By AFP     Oct 17, 2016 in World

The European Union on Monday strongly condemned Russia for the bombardment of the Syrian city of Aleppo, saying air strikes by Moscow and Damascus could amount to war crimes.

"Since the beginning of the offensive by the regime and its allies, notably Russia, the intensity and scale of the aerial bombardment of eastern Aleppo is clearly disproportionate," EU foreign ministers said in a statement after talks in Luxembourg.

"The deliberate targeting of hospitals, medical personnel, schools and essential infrastructure, as well as the use of barrel bombs, cluster bombs, and chemical weapons, constitute a catastrophic escalation of the conflict ... and may amount to war crimes," they said.

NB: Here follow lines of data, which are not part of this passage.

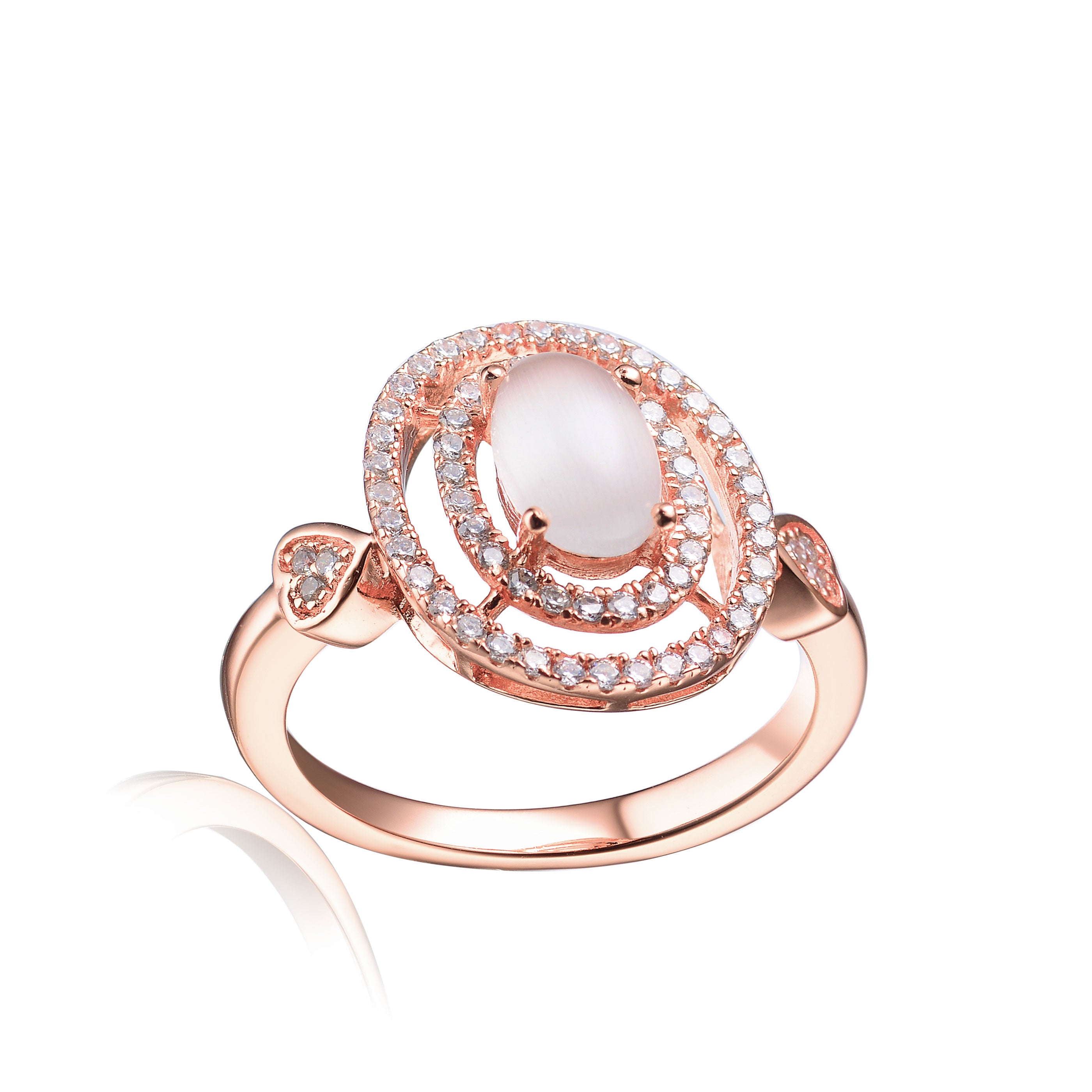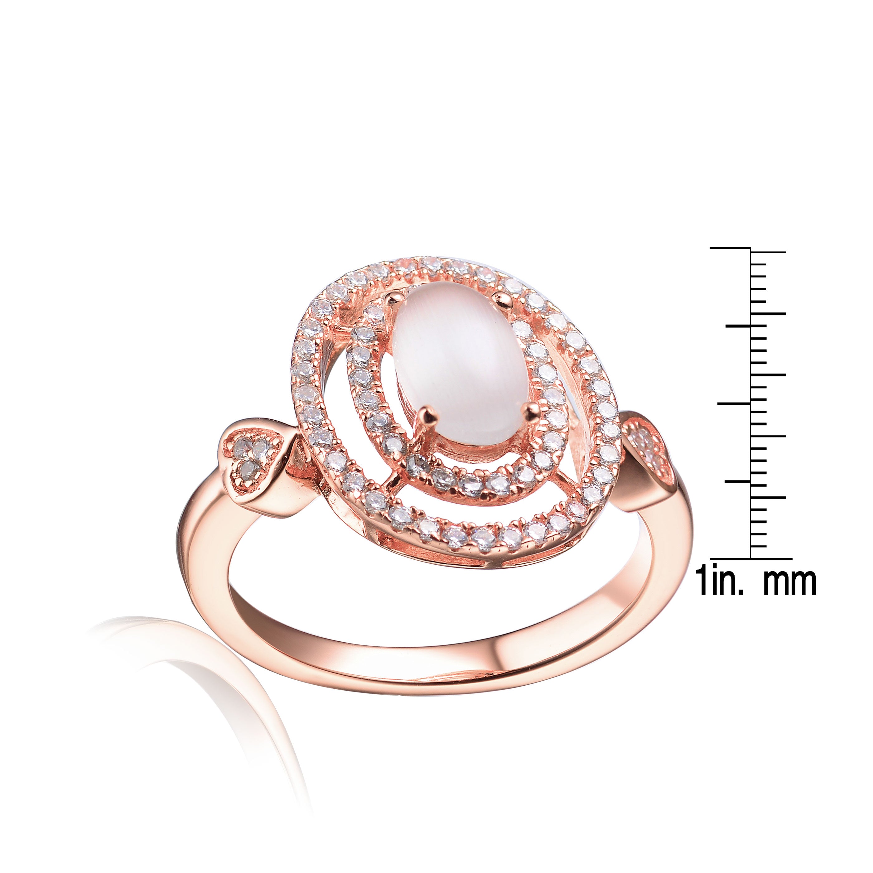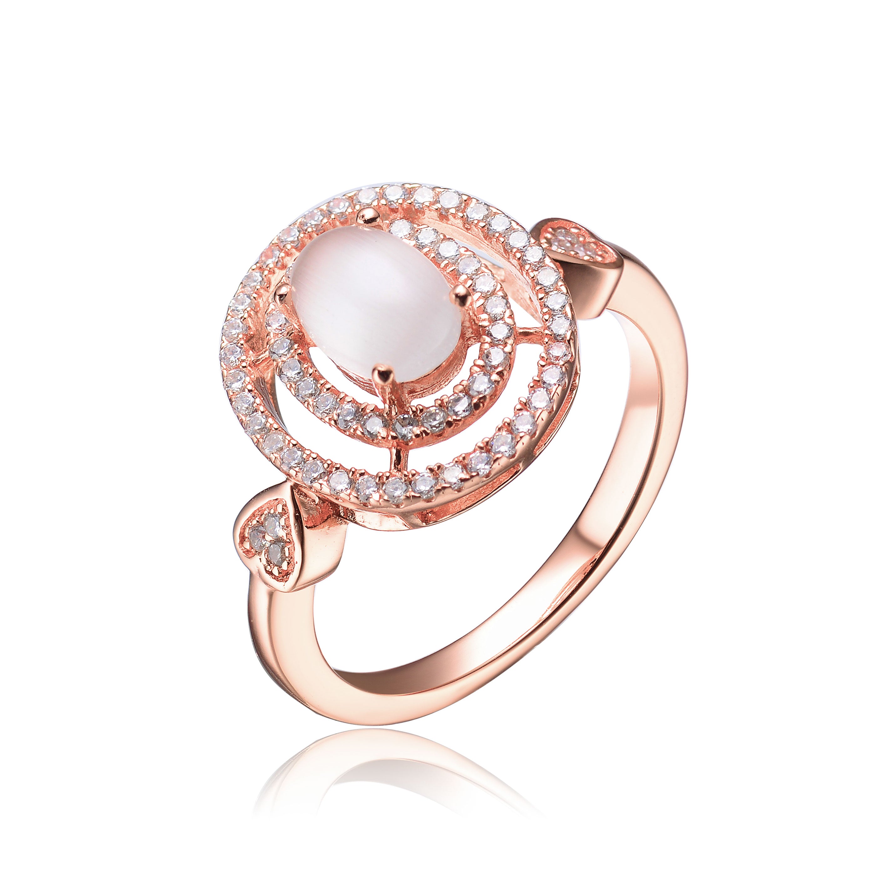 This halo styled setting holds a pearl in the center, surrounded by two rings made of white cubic zirconia set in rose plated sterling silver. This beautiful ring created by is the perfect accessory to compliment your feminity.
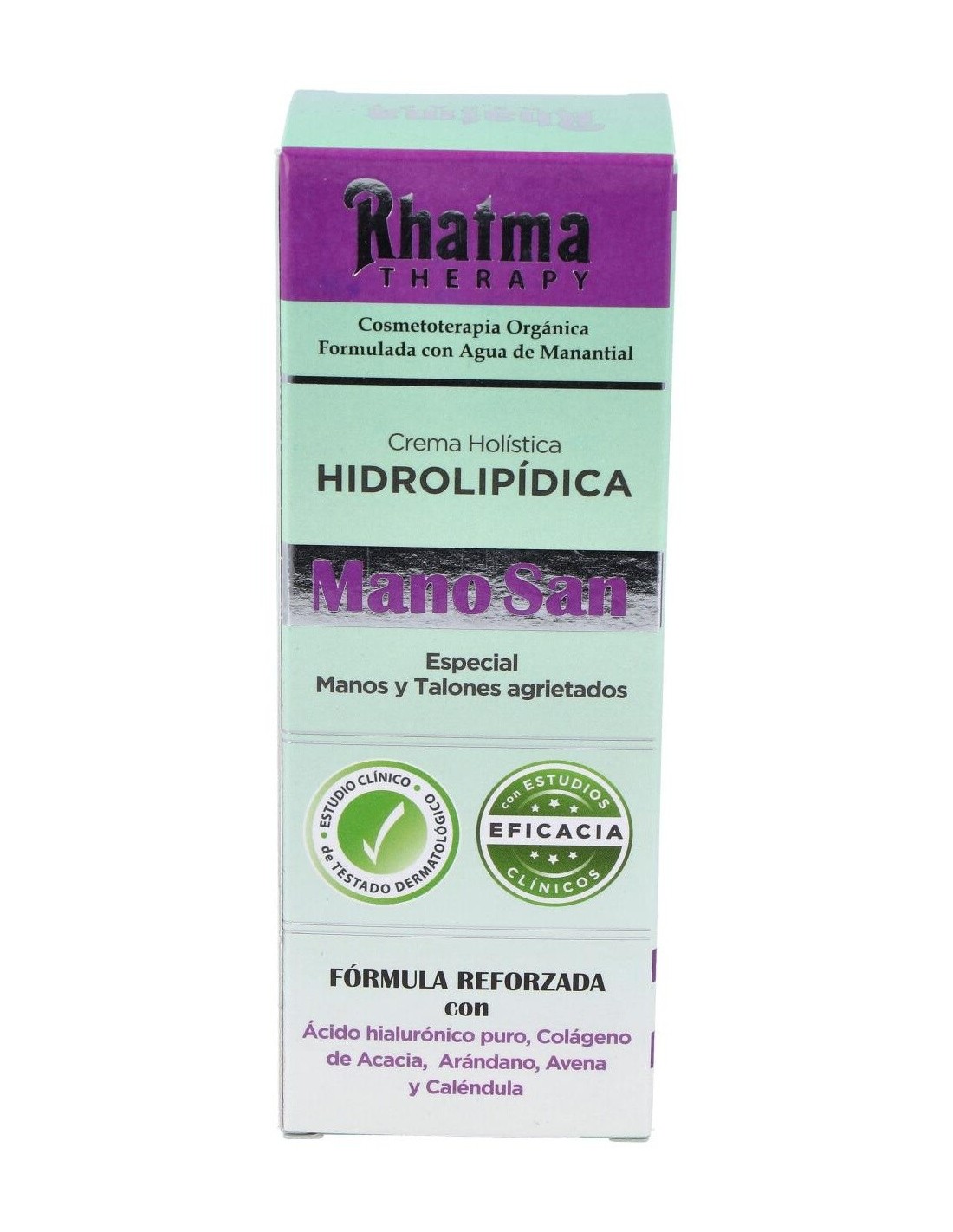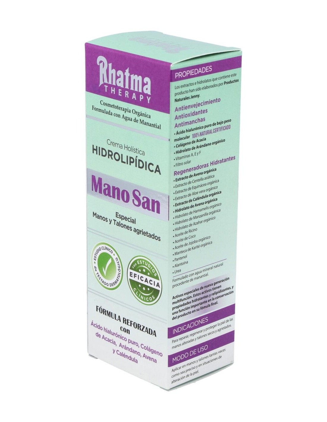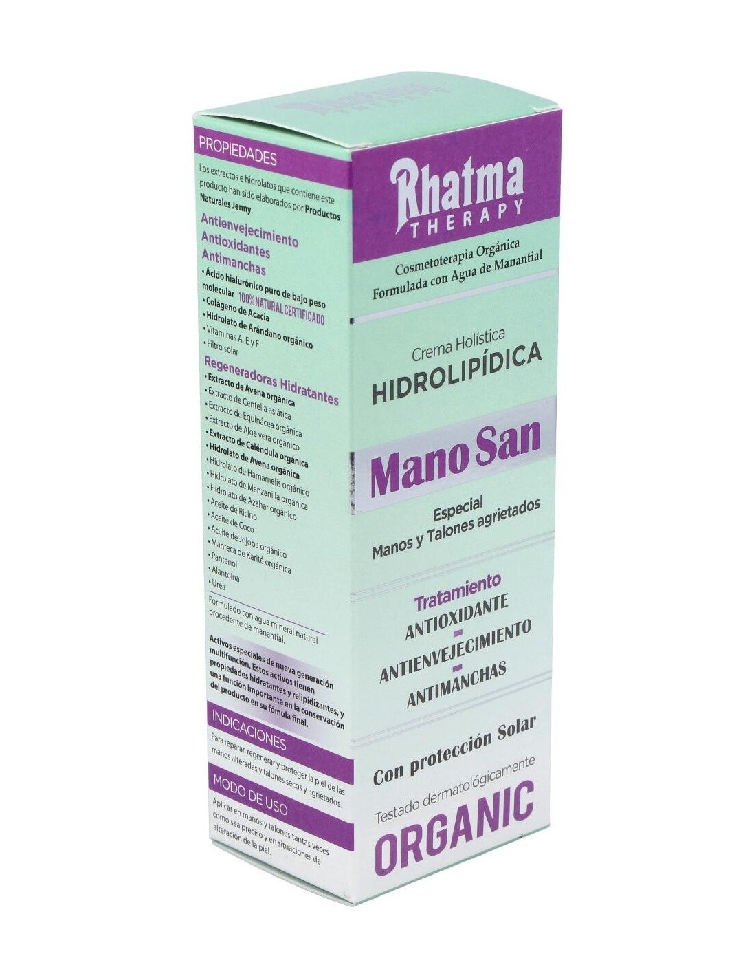 Rhatma Mano San crema para manos secas y sensibles es una suave loción perfecta para reparar las manos dañadas y extremadamente sensibles. Es un tratamiento óptimo para regenerar la cutícula, al mismo tiempo que endureza las uñas.
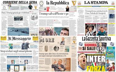Le prime pagine dei quotidiani di oggi 7 aprile: la rassegna stampa Cronaca Dazi ancora protagonisti sulle aperture dei principali giornali, col pressing crescente negli Usa... 07 apr - 07:02 13 foto

The EU ministers said they would also press ahead with extending sanctions against the regime of Syrian President Bashar al-Assad, but stopped short of threatening measures against Russia over the conflict.

The reference to war crimes is potentially significant since if pressed, a case could be taken to the International Criminal Court in the Hague.

The statement noted the EU's "conviction that the situation in Syria should be referred to the ICC and renews its call to the UN Security Council to take action in this respect."

Ministers also called urgently for an immediate ceasefire in Aleppo to allow humanitarian aid to reach the ancient frontline city which has been pummelled mercilessly by Assad's forces and then by his longtime Russian ally from September last year.

The EU "strongly condemns the excessive and disproportionate attacks by the regime and its allies", it said.

As the EU statement was coming through, Moscow announced an eight-hour cessation of hostilities for Thursday, stealing the limelight in the diplomatic battle.

The EU ministers said the bloc "firmly believes that there can be no military solution to the conflict" and called directly on Russia to agree a ceasefire to open the way to peace talks.

EU foreign affairs head Federica Mogherini said earlier Monday ministers could consider additional Syria sanctions but ruled out imposing restrictive measures on Russia.

The statement made no reference to this possibility although Britain and the United States had said in talks in London on Sunday they should be considered.